2. Requesting Restrictions – You have the right to request a restriction in our use or disclosure of your PHI for treatment, payment or health care operations. Additionally, you have the right to request that we restrict our disclosure of your PHI to only certain individuals involved in your care or the payment of your care. We are not required to agree to your request; however, if we do agree, we are bound by our agreement except when otherwise required by law, in emergencies, or when the information is necessary to treat you. Your request must describe in a clear and concise fashion the information you wish restricted, whether you are requesting to limit our clinic’s use, disclosure or both, and to whom you want the limits to apply.
3. Inspection and Copies – You have the right to inspect and obtain a copy of the PHI that may be used to make decisions about you or your child, including patient medical records, and billing records. This clinic may deny your request to inspect and/or copy in certain limited circumstances; however, you may request a review of our denial.

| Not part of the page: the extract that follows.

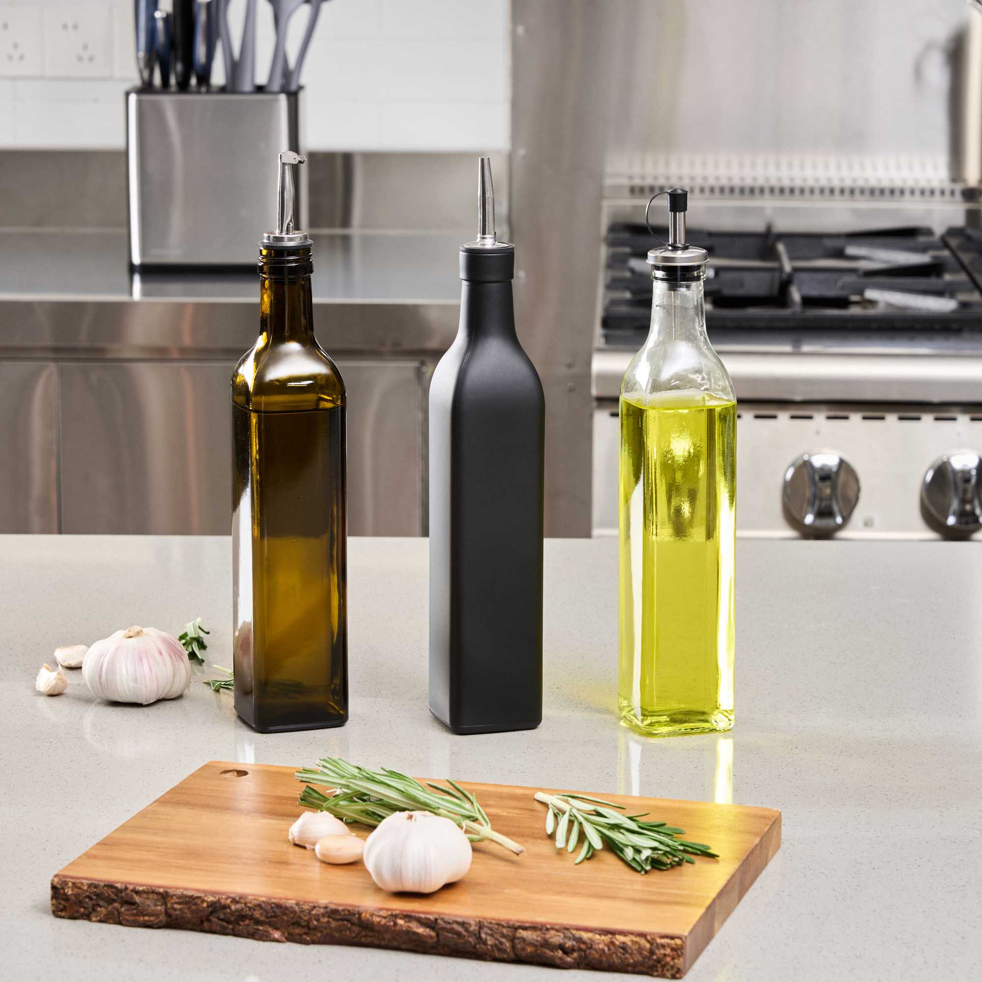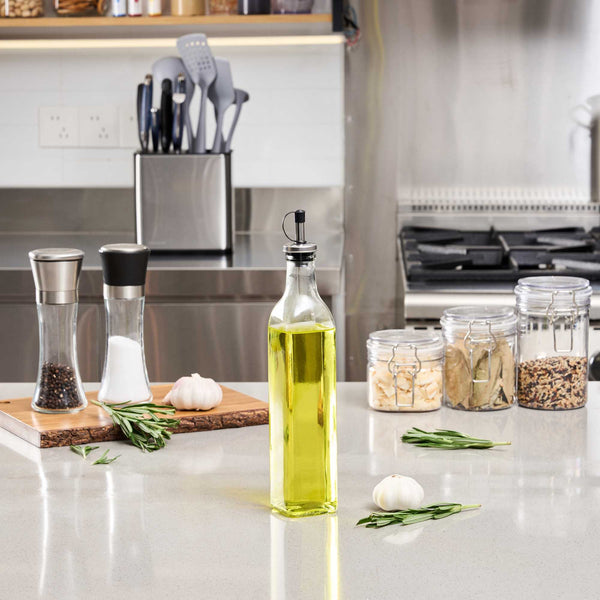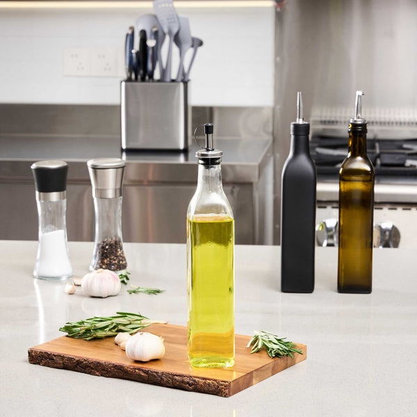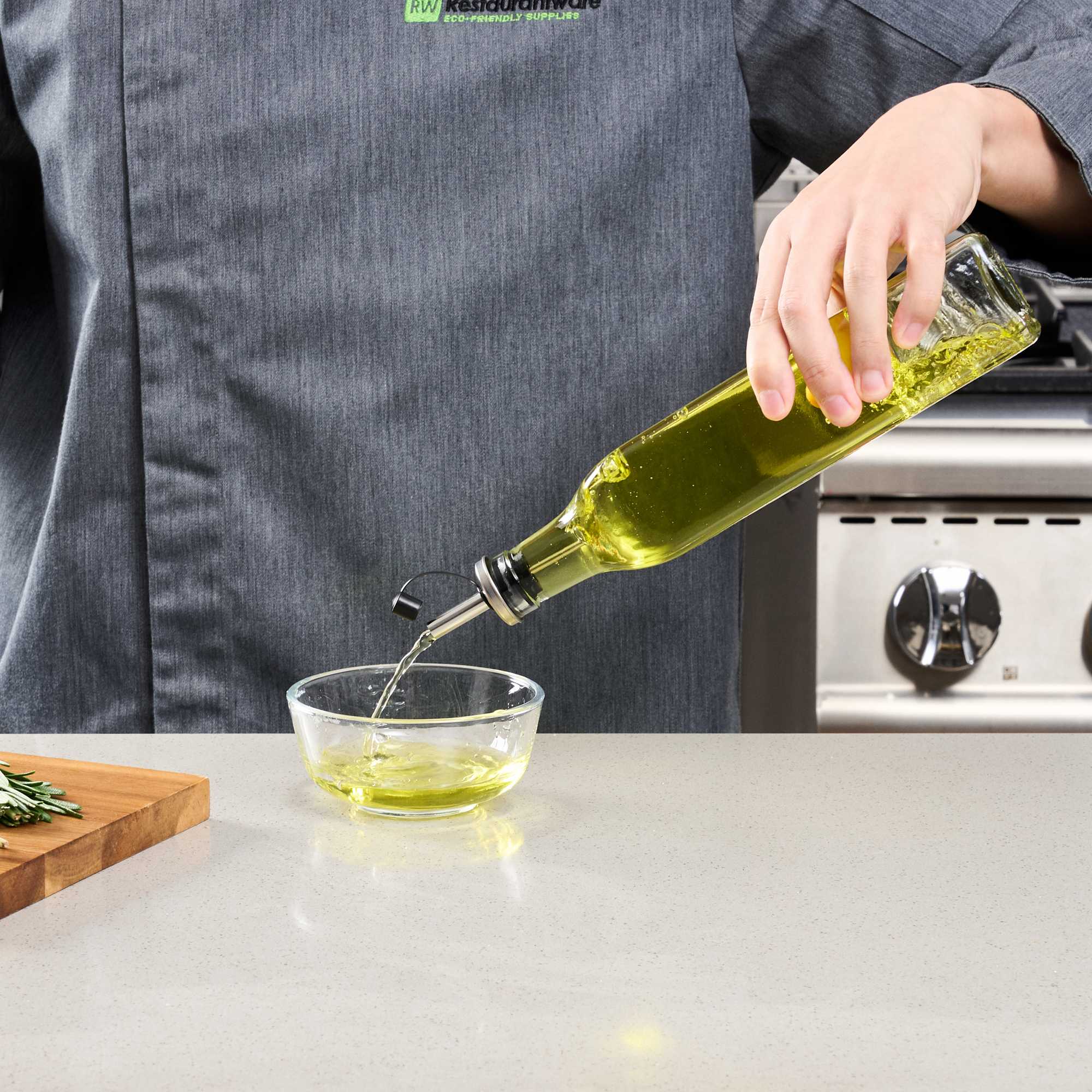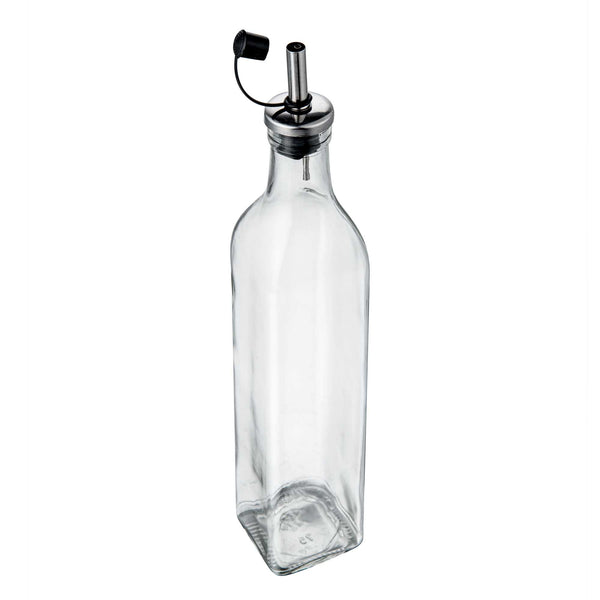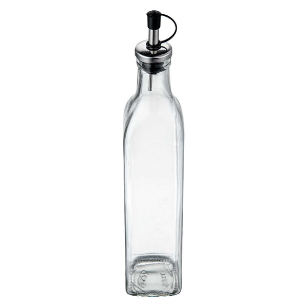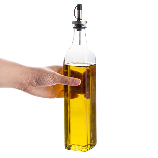 Easily add oil to pans while cooking with our Chef 101 16.9-ounce Glass Olive Oil Dispenser. Featuring a stopper spout, this oil bottle has a cap on the spout to keep liquids from accidentally pouring out. Plus, it includes a funnel kit for smooth pouring. With a crystal clear finish, this olive oil bottle allows you to keep an eye on the levels of the vinegar or oils inside so you can refill when running low. Perfect for restaurants or catering services, this olive oil container holds up to 16.9 ounces of your specialty dressings. This oil and vinegar dispenser measures 12.4 inches in height by 2.4 inches wide. Sold in a 1 count box.

4. Amendment – You may ask us to amend your health information if you believe it is incorrect or incomplete. You may request an amendment for as long as the information is kept by or for this clinic. You must provide us with a reason that supports your request for the amendment. Also, we may deny your request if you ask us to amend information that is in our opinion accurate and complete, not part of the PHI, not created by our clinic, or the individual/entity that created the information is not available to amend the information.

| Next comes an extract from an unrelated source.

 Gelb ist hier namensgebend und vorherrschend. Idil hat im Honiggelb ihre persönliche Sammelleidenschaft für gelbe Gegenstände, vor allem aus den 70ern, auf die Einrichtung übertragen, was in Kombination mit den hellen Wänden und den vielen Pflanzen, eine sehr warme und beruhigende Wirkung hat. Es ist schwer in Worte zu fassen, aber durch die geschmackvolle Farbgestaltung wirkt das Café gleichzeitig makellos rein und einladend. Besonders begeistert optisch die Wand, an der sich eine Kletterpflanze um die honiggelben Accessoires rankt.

5. Accounting of Disclosure – All of our patients have the right to request on “accounting of disclosures” which is a list of certain non-routine disclosures our clinic has made of your PHI for non-treatment, non-payment, or non-operations purposes. Use of your PHI as part of the routine patient care in our clinic is not required to be documented. All requests for an “accounting of disclosures” must state a time period, which may not be longer than six years from the date of disclosure and may not include dates before April 15, 2003.
6. Right to a Paper Copy of this Notice – You are entitled to receive a paper copy of this notice of privacy practices at any time. A written request is not required.

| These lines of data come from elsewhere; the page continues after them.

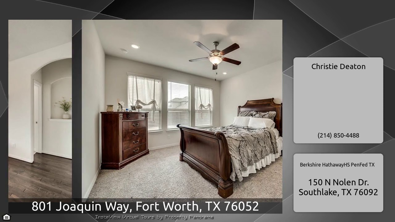 The Virtual Tour for the property at 801 Joaquin Way, Fort Worth, TX 76052 listed for $307,000: Other homes for sale by Christie Deaton of Berkshire HathawayHS PenFed TX: MOVE-IN READY! LIKE NEW. Beautiful 4 bed, 3.5 bath Lennar built home on corner lot in desirable Sendera Ranch. Formal dining room with french doors, can also be used as an office. Kitchen open to breakfast nook and family room, featuring quartz counter tops, gas range, ss appliances. Spacious master suite with dual sinks, garden tub, separate shower, and walk-in closet. Large game room upstairs with 3 large secondary …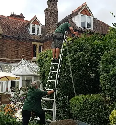 Working on hedges of this size requires skill, teamwork, and the right equipment.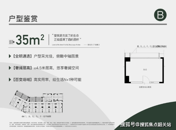 飞鸟集公寓主力户型涵盖 35 - 46 - 48 - 61㎡,均为 4.5 米层高的复式结构。35㎡户型设计灵活,满足不同需求;46㎡户型注重居住的舒适性与景观资源的利用;48㎡和 61㎡顶层特殊户型,带露台且直面中央公园景观,极具特色。这些户型在空间布局上充分考虑了居住与投资的双重需求,为购房者提供了多样化选择。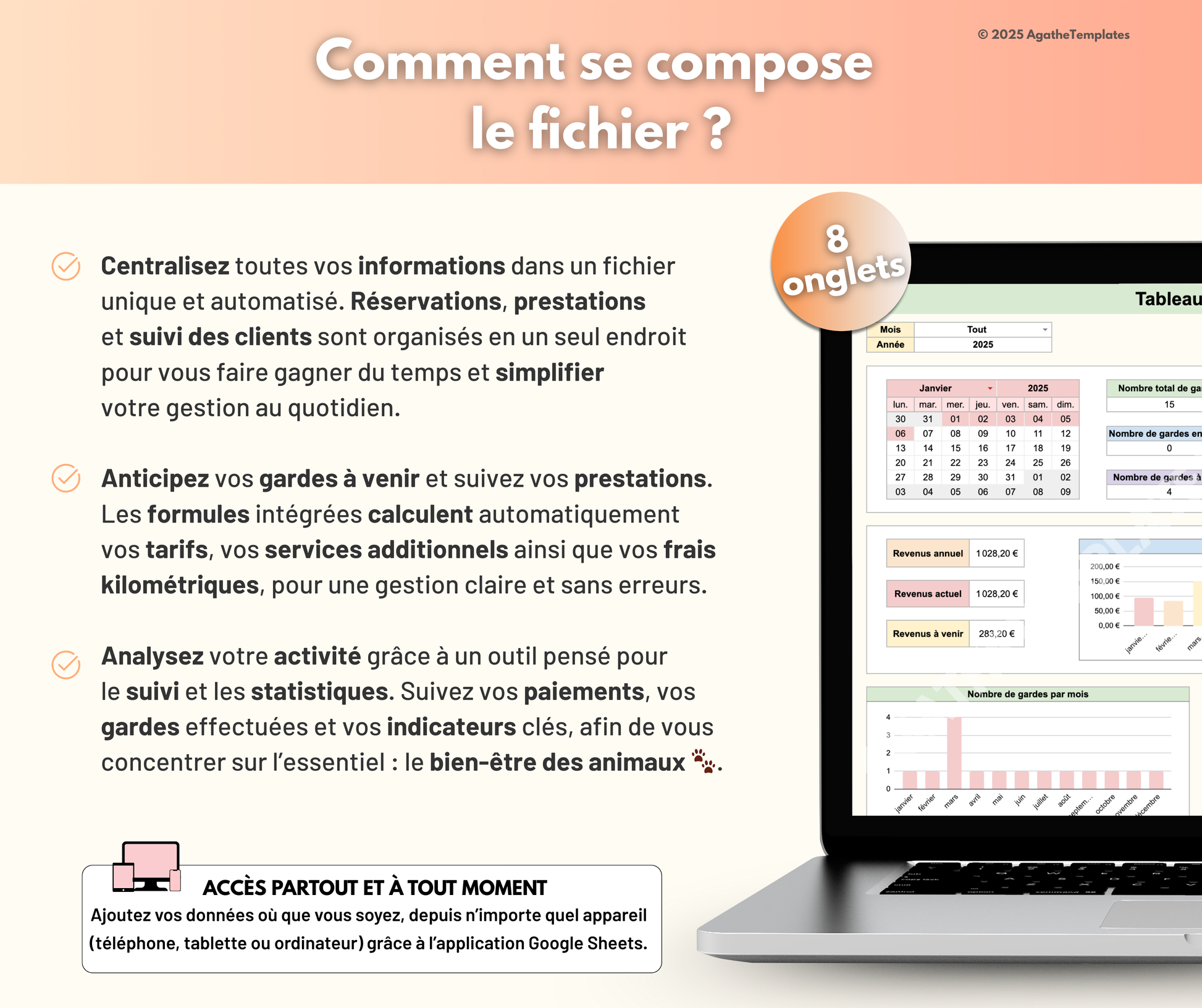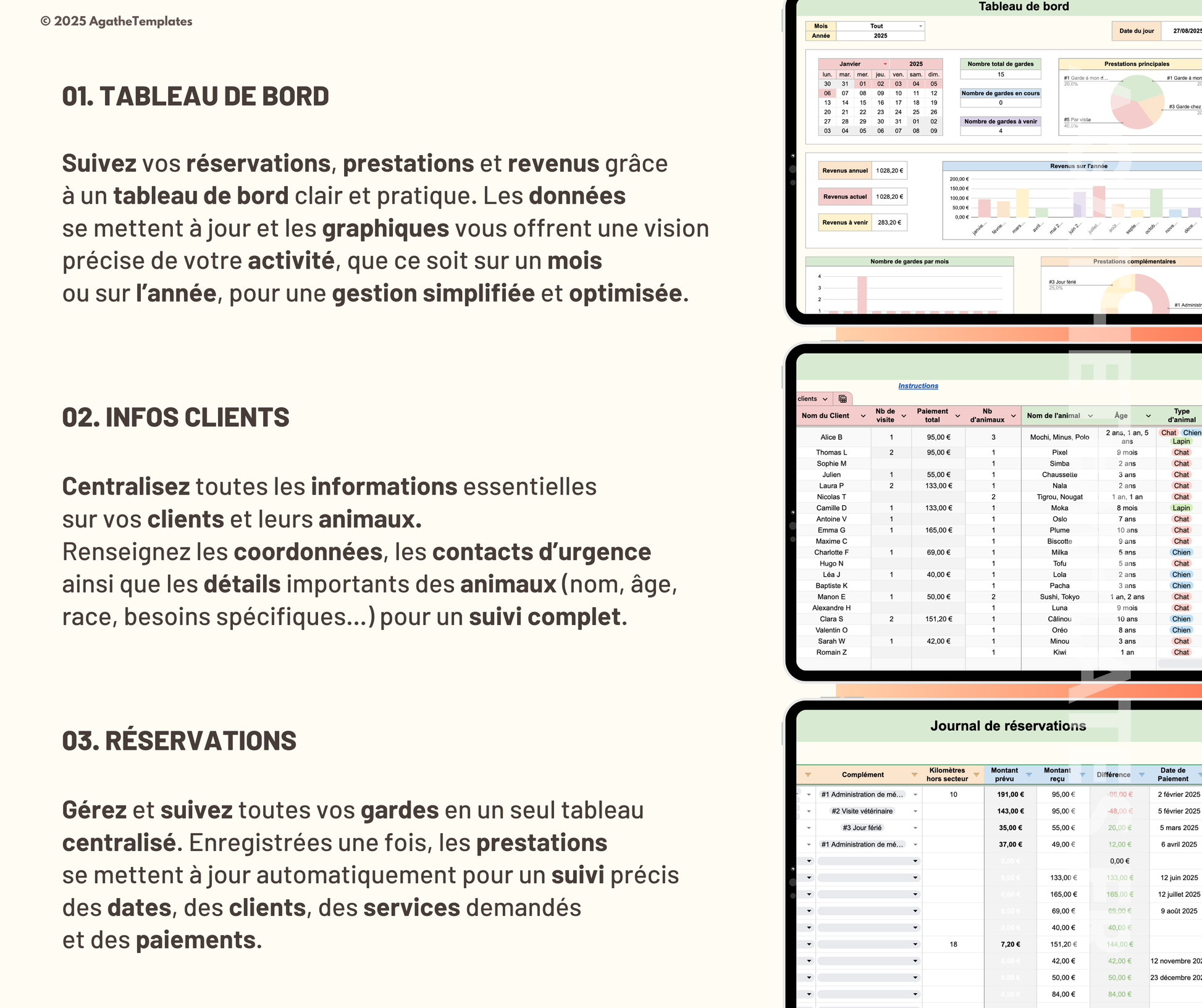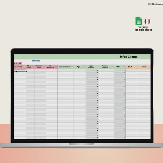 Ce fichier est conçu pour vous aider à organiser chaque aspect de votre activité de pet-sitting : gestion des réservations, suivi des clients, planification des prestations et suivi financier. Simplifiez votre organisation, gagnez du temps et offrez un service fluide et professionnel à vos clients !

7. Right to File a Complaint – If you believe your privacy rights have been violated, you may file a complaint with this clinic’s privacy officer, the Office of Civil Rights, or the Secretary of the Department of Health and Human Services. You will not be penalized for filing a complaint.
8. Right to Provide an Authorization for Other Uses and Disclosure – This clinic will obtain your written authorization for uses and disclosures that are not identified by this notice or permitted by applicable law. Any authorization you provide to us regarding the use and disclosure of you or your child’s PHI may be revoked at any time in writing. After you revoke your authorization, we will no longer use or disclose your PHI for the reasons described in this authorization. Please note we are required to retain records of your care.
This clinic reserves the right to revise or amend the Notice of Privacy Practices. Any revisions to this notice will be effective for any records that this clinic has created or maintained in the past or will create or maintain in the future.